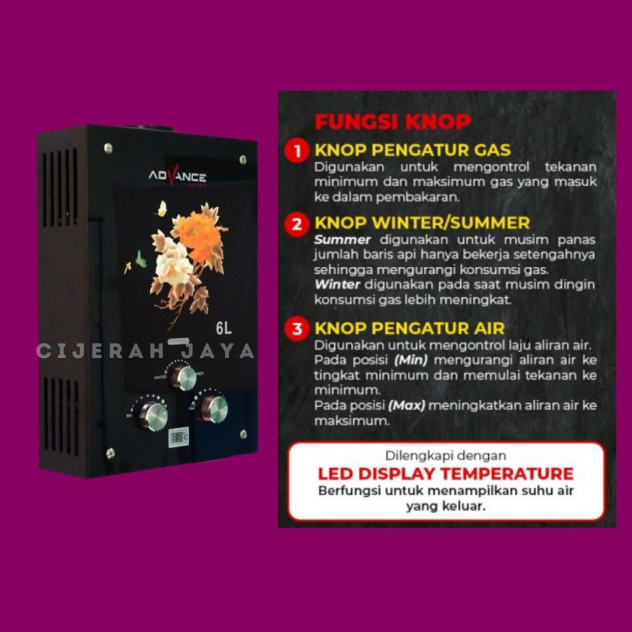 WATER HEATER GAS ADVANCE GWH 50 / GWH 70 PEMANAS AIR GAS ADVANCE + BONUS SHOWER
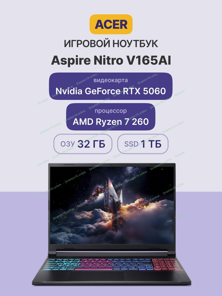 Ноутбук Acer Aspire Nitro V165AI ANV16S-41-R570 16"(2560x1600 (матовый) IPS)/AMD Ryzen 7 260(3.8Ghz)/32Gb/1024PCISSD Gb/noDVD/Ext:NVIDIA GeForce RTX 5060(8192Mb)/Cam/BT/WiFi/76WHr/war 1y/2.1kg/Silver/NoOS
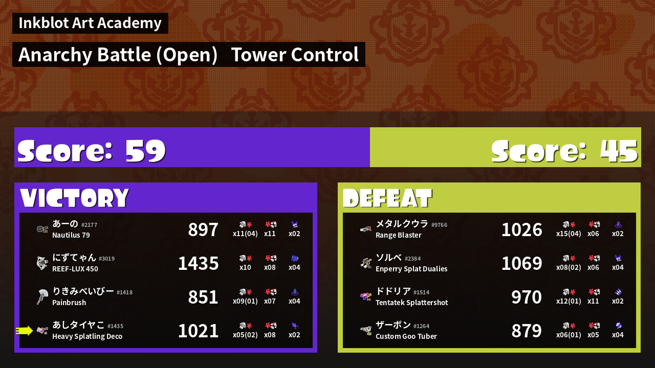 | Mode | Tower Control - Anarchy Battle (Open) | ||
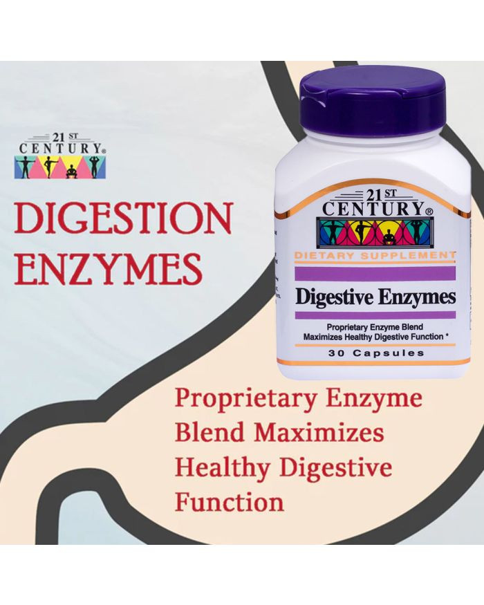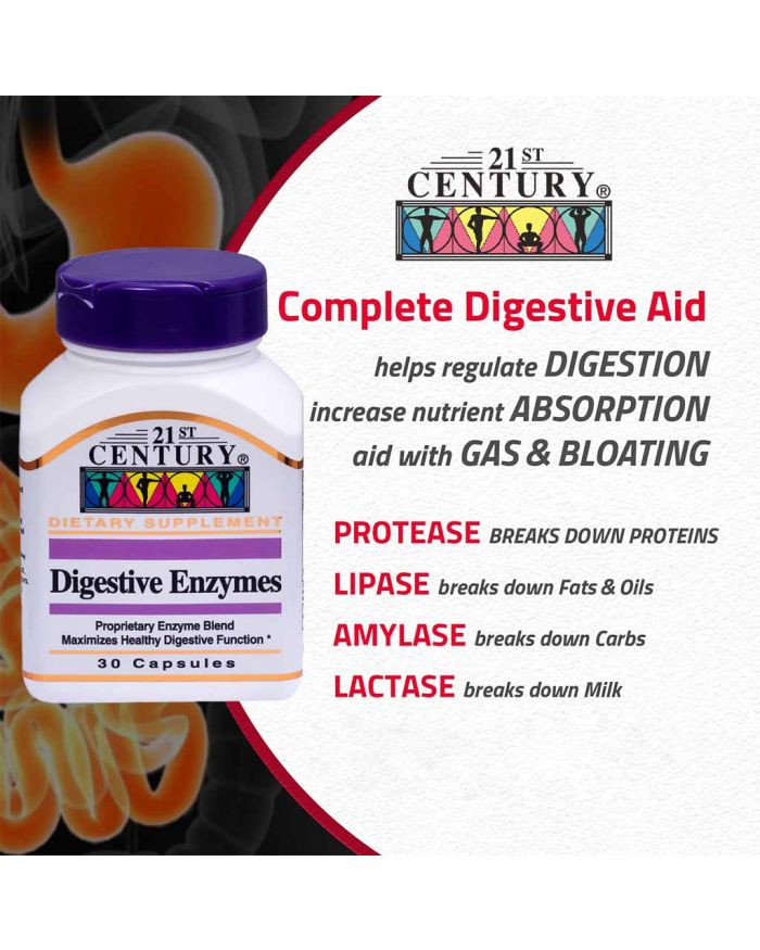 21st Century Digestive Enzymes is a proprietary digestive enzyme blend formulated to maximize healthy digestive function. This proprietary digestive enzyme blend assists the body in breaking down and absorbing nutrients to produce energy and enhance your overall health. 21st Century Digestive Enzymes is a unique, proprietary blend of five specific enzymes, viz. amylase (starch digestive enzyme), protease (protein digestive enzyme), lipase (Fat digestive enzyme), cellulase (cellulose hydrolyzing enzyme), lactase (lactose hydrolyzing enzyme) and maltase (maltose hydrolyzing enzyme). Amylase breaks down carbs in starchy foods like bread, potatoes, or beans into simple sugars. Lactase breaks down lactose, the sugar in milk. Protease breaks down proteins in foods like eggs, meats, or dairy foods into amino acids. Lipase breaks down fats from foods like nuts, oils, or butter into fatty acids. This blend provides optimal digestion of all the macromolecules. 21st Century Digestive Enzymes are intended to support optimal digestion of proteins, fats, carbohydrates, fiber, and complex sugars, in doing so, reduce digestive symptoms like gas, bloating, discomfort etc. The formula also might help you absorb more nutrients from the foods you eat.

================

> **What the task asks**:
Extract, word for word, each line from the top of the data down to and including the line with "Battle (Open) | ||"; skip the pictures.

> **Solved exercise**:
 WATER HEATER GAS ADVANCE GWH 50 / GWH 70 PEMANAS AIR GAS ADVANCE + BONUS SHOWER
 Ноутбук Acer Aspire Nitro V165AI ANV16S-41-R570 16"(2560x1600 (матовый) IPS)/AMD Ryzen 7 260(3.8Ghz)/32Gb/1024PCISSD Gb/noDVD/Ext:NVIDIA GeForce RTX 5060(8192Mb)/Cam/BT/WiFi/76WHr/war 1y/2.1kg/Silver/NoOS
 | Mode | Tower Control - Anarchy Battle (Open) | ||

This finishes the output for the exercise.